I don’t think this is technically possible because of the dynamic
nature of Ruby. That is to say that I think the task you describe
is equivalent to the halting problem as it requires the ability to
divine the intent of executable code by simply examining the code
as opposed to running it and seeing what happens.

There are certainly heuristics you could use to get pretty close to
100% for ‘normal’ code (searching for ‘class X’ and for ‘require…’),
but you’ll never get to 100% and you’ll probably have to re-implement
a good portion of the Ruby parser in the process (i.e. to deal with
nested classes/modules). That may be good enough for your needs though.

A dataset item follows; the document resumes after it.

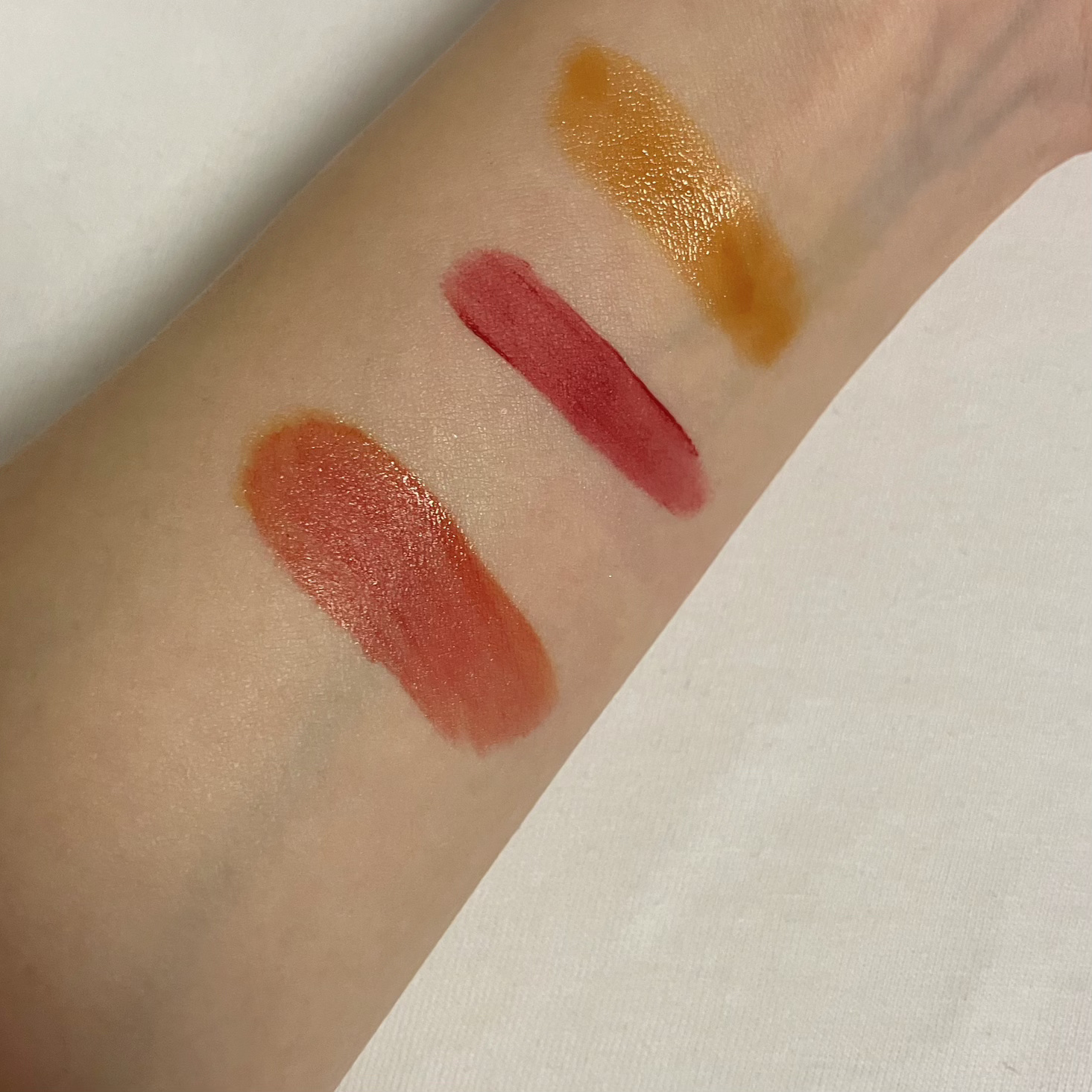 赤みも青みもない、1番純粋なベージュカラー。写真では伝わらないかもしれないけど、ちゃんとリップクリームのようなツヤ感はあります🙆🏻♀️ かなり昔からあるシリーズのベージュ系。少しオレンジがかった色味。ティントじゃないのに何故か色持ちがいいとずっと話題になってます👏🏻 こちらもCEZANNE。上記よりツヤ感がかなり有り、ツヤツヤになります✨️リップクリーム感覚で塗れる!

Maybe there is something that already does that out there? Googling…

Check out
http://www.zenspider.com/ZSS/Products/ParseTree/index.html and
http://www.zenspider.com/ZSS/Products/ParseTree/Examples/
Dependencies.html
maybe that will give you some ideas.

Gary W.


#3

On 1/19/07, removed_email_address@domain.invalid removed_email_address@domain.invalid wrote:

I don’t think this is technically possible because of the dynamic
nature of Ruby. That is to say that I think the task you describe
is equivalent to the halting problem as it requires the ability to
divine the intent of executable code by simply examining the code
as opposed to running it and seeing what happens.

I think you are right, so let me amend my request a bit.

  • I don’t need to get the exact signature of every method provided or
    required. File-based provides should be enough for what we need.
    Anything more complex can be synthesized manually. In most cases, Ruby
    provide would essentially be the filepath, with the $LOAD_PATH chopped
    off the front and the extension removed. Thus,
    /usr/lib/ruby/1.8/yaml.rb provides ‘yaml’.

  • Requires could be whatever was required at require time. I wrote a
    quick and dirty requires generator that essentially overrode
    Kernel.require to stuff the argument to require into a Set. Thus, for
    yaml:

/usr/lib/ruby/1.8/yaml.rb requires the following modules:
“yaml/constants”
“yaml/ypath”
“yaml/error”
“yaml/rubytypes”
“stringio”
“date”
“rational”
“syck”
“yaml/syck”
“yaml/basenode”
“date/format”
“yaml/tag”
“yaml/stream”
“yaml/types”

The big question is whether Ruby C extensions are always required by
filename (i.e. if you have a C extension called big/foo.so, require
‘big/foo’ will load it). In Python, this is tricky, as the shared
library name may not be the thing you use with import at all.

The bottom line is to have a “good enough” provides/requires mechanism
that automates packaging information. It’s obviously not perfect, as
two foo.rb’s might do wildly different things.

Here’s the code snippet, so far (quick and dirty is probably a vast
understatement):

require ‘set’
$required = Set.new

module Kernel
alias_method :old_require, :require
def require(m)
begin
result = old_require(m)
rescue LoadError => blargh
print “warning: #{blargh}\n”
rescue NameError
true
end
$required = $required.add(m)
result
end
end

require(ARGV[0])

print “#{ARGV[0]} requires the following modules:\n”
$required.each { |file| p file }


#4

Hello,

On Fri, 19 Jan 2007 23:57:54 +0900, Scott Parkerson
removed_email_address@domain.invalid wrote:

I’m looking to write a script that examines one or more scripts
written in Ruby and programatically determine the following:

  • What does the script require to operate (i.e. dependencies on other
    Ruby scripts)

I have a tool in the kwala project on rubyforge that attempts to
determine this. It uses the Java prefuse library to display a dynamic
graph for inspection, or if you don’t want the Java dependency you can
have it output a static graphviz graph. It also does a few other
things like find require cycles. If you are interested take a look in
the cycle_detector.rb file.

You can find it here:
http://kwala.rubyforge.org/

I hope that helps,
Zev